Yves Michaud : Je suis choqué que vous parliez de l’incapacité des « populistes ». Ils sont au pouvoir où ? Le populisme est une formation réactive face aux dérèglements d’un monde aux mains d’une oligarchie financière et politique. Le populisme est une réaction à une situation où les gens se rendent compte qu’on se paie leur tête mais ce n’est pas un programme politique. C’est un refus, pas une vision positive. Quant aux experts, on les sonne selon les besoins du moment et ils rappliquent comme des toutous en visiteurs du soir ou en blablateurs télé. On n’a pas aujourd’hui  besoin d’experts en coupage de cheveux en quatre, mais de vision politique. Ensuite seulement il faut des experts pour mettre en musique la vision. Celle-ci doit être première : vous voulez quelque chose et ensuite vous cherchez les moyens de réaliser ce que vous voulez. Nous ne manquons pas de moyens aujourd’hui mais de fins, nous ne manquons pas de réponses mais de questions !
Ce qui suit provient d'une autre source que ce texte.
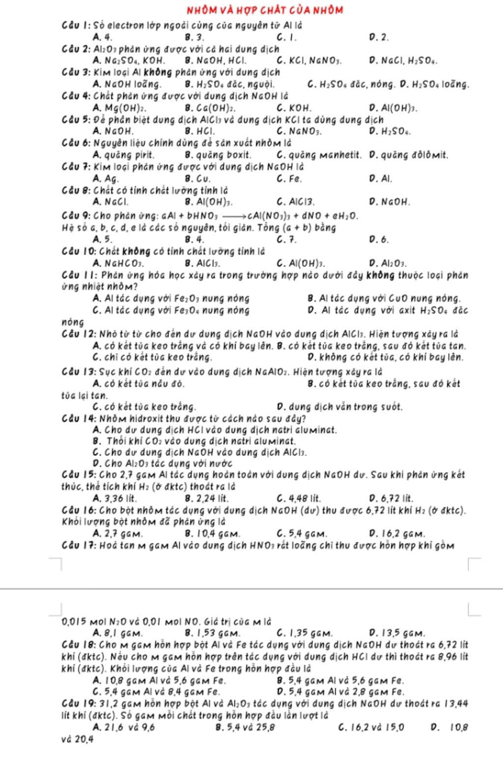 NHÔM VÀ HỢP CHẤT CỦA NHÔM
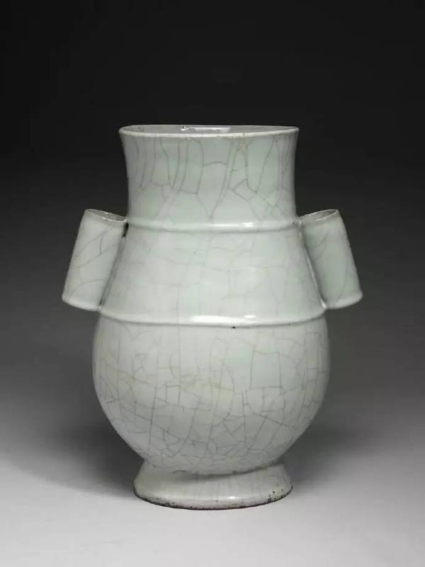 宋代官窯器的紋片有大小開片兩種,大開片紋痕長而粗壯,有的紋痕在瓷器上自上而下呈經(jīng)線走向一直到底,如一根牛毛一樣垂披于臀,因此有“牛毛紋”之稱。即使是小開片的瓷器,也不乏有幾條較長較粗的紋痕。紋痕的顏色以鱔血、魚籽黃、墨色、油灰居多,鱔血者為上品。

Ce qui me réjouit dans la situation actuelle, c’est qu’elle va être source de remises en cause profondes et qu’il va falloir inventer. Une des rares choses intelligentes qu’a dites Mao est que le nouveau ne naît pas de l’ancien mais de la destruction de l’ancien.

La toute première chose à inventer – ou réinventer – c’est le civisme contre tous les égoïsmes. Rude tâche. Il nous manque des Churchill ou des de Gaulle, à un moment où il faut annoncer aux gens qu’il y aura du sang et des larmes – et qu’on ne pourra pas faire autrement.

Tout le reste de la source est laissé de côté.